* _The task_
Begin with the first line below and retype each line exactly through the line containing "masivna plastična deska". Any pictures are to be left out.

* _Data shown_
+ + + + +

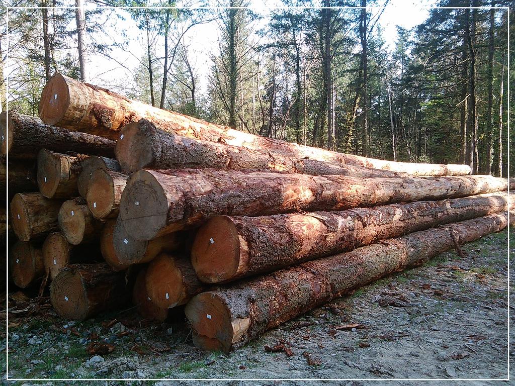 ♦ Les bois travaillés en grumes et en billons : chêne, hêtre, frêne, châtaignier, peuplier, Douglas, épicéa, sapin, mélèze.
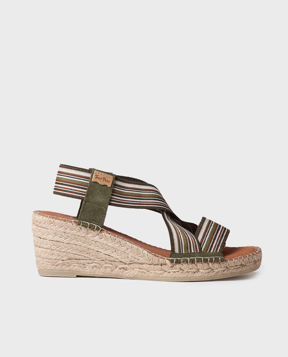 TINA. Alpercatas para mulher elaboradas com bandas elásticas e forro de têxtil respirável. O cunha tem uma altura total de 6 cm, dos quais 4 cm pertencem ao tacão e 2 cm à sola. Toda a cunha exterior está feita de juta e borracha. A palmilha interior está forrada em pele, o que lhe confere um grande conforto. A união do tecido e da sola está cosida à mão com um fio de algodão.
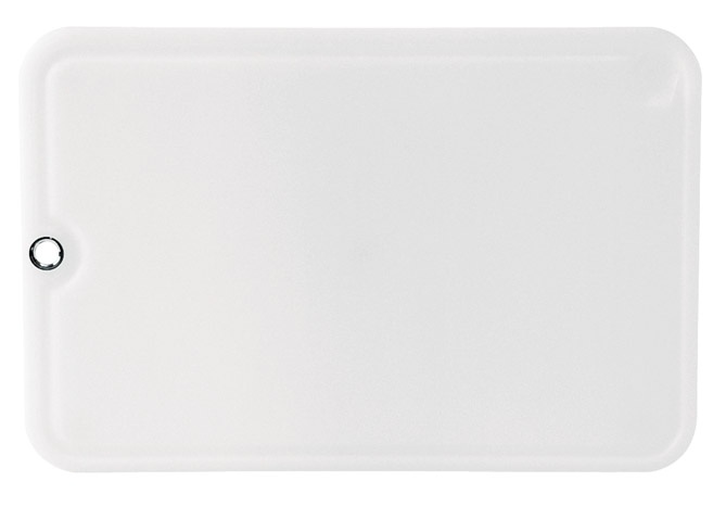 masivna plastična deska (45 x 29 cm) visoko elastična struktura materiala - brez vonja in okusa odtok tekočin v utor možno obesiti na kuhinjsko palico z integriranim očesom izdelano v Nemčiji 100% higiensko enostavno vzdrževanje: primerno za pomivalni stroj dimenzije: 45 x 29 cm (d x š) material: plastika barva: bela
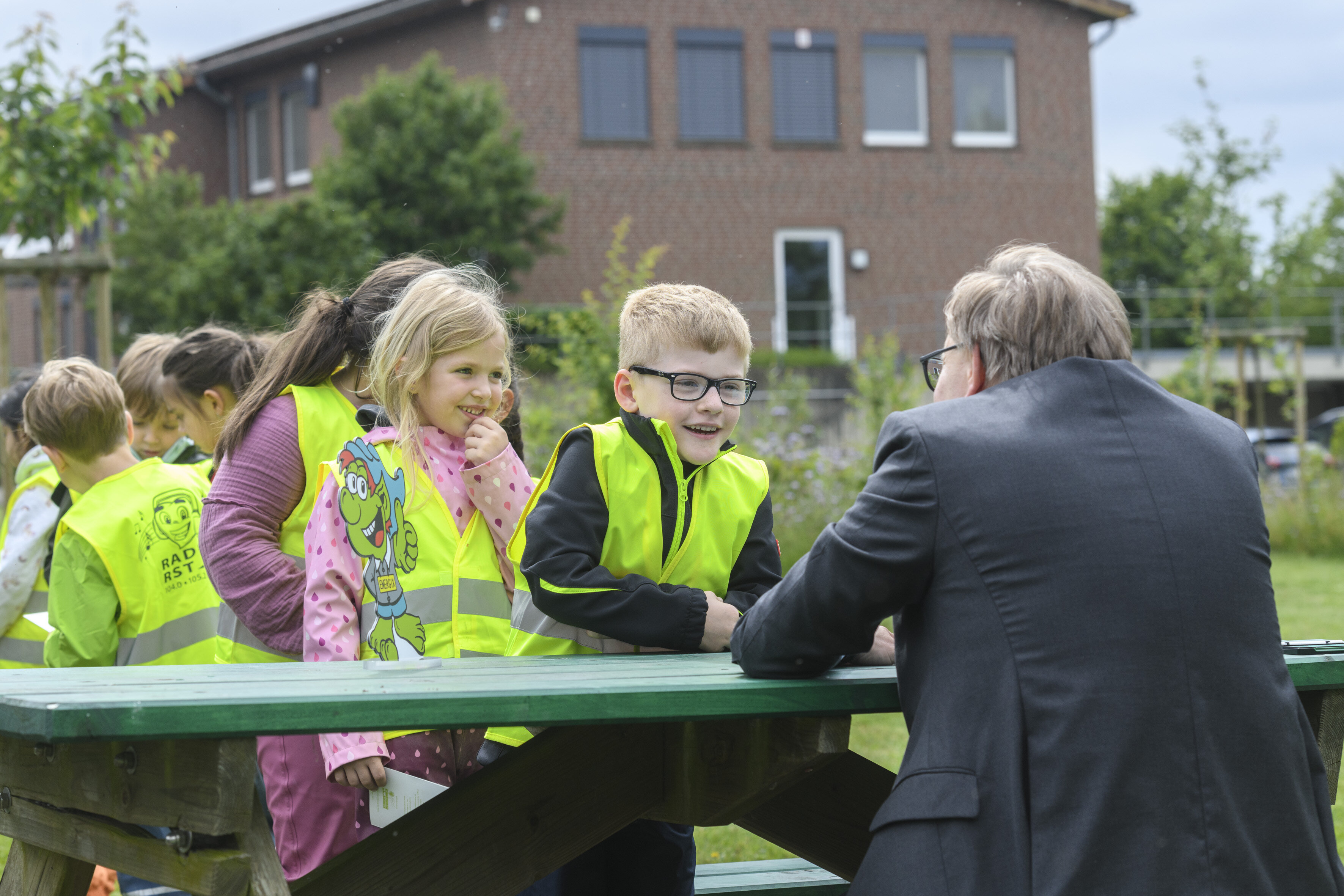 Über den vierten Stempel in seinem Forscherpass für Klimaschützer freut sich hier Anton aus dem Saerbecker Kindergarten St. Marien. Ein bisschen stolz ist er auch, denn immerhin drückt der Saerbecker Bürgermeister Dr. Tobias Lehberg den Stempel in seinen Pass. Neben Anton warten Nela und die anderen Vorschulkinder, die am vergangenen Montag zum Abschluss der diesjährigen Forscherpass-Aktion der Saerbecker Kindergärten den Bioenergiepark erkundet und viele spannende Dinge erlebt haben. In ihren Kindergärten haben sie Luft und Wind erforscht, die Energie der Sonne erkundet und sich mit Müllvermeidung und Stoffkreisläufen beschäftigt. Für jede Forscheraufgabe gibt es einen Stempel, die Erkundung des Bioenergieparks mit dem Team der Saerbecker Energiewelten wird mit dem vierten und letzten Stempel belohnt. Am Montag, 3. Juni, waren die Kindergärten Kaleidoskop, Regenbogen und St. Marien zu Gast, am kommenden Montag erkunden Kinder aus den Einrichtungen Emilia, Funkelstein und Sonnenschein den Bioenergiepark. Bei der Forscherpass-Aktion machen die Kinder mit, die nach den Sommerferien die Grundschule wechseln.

+ + + + +

* _Solution_
 ♦ Les bois travaillés en grumes et en billons : chêne, hêtre, frêne, châtaignier, peuplier, Douglas, épicéa, sapin, mélèze.
 TINA. Alpercatas para mulher elaboradas com bandas elásticas e forro de têxtil respirável. O cunha tem uma altura total de 6 cm, dos quais 4 cm pertencem ao tacão e 2 cm à sola. Toda a cunha exterior está feita de juta e borracha. A palmilha interior está forrada em pele, o que lhe confere um grande conforto. A união do tecido e da sola está cosida à mão com um fio de algodão.
 masivna plastična deska (45 x 29 cm) visoko elastična struktura materiala - brez vonja in okusa odtok tekočin v utor možno obesiti na kuhinjsko palico z integriranim očesom izdelano v Nemčiji 100% higiensko enostavno vzdrževanje: primerno za pomivalni stroj dimenzije: 45 x 29 cm (d x š) material: plastika barva: bela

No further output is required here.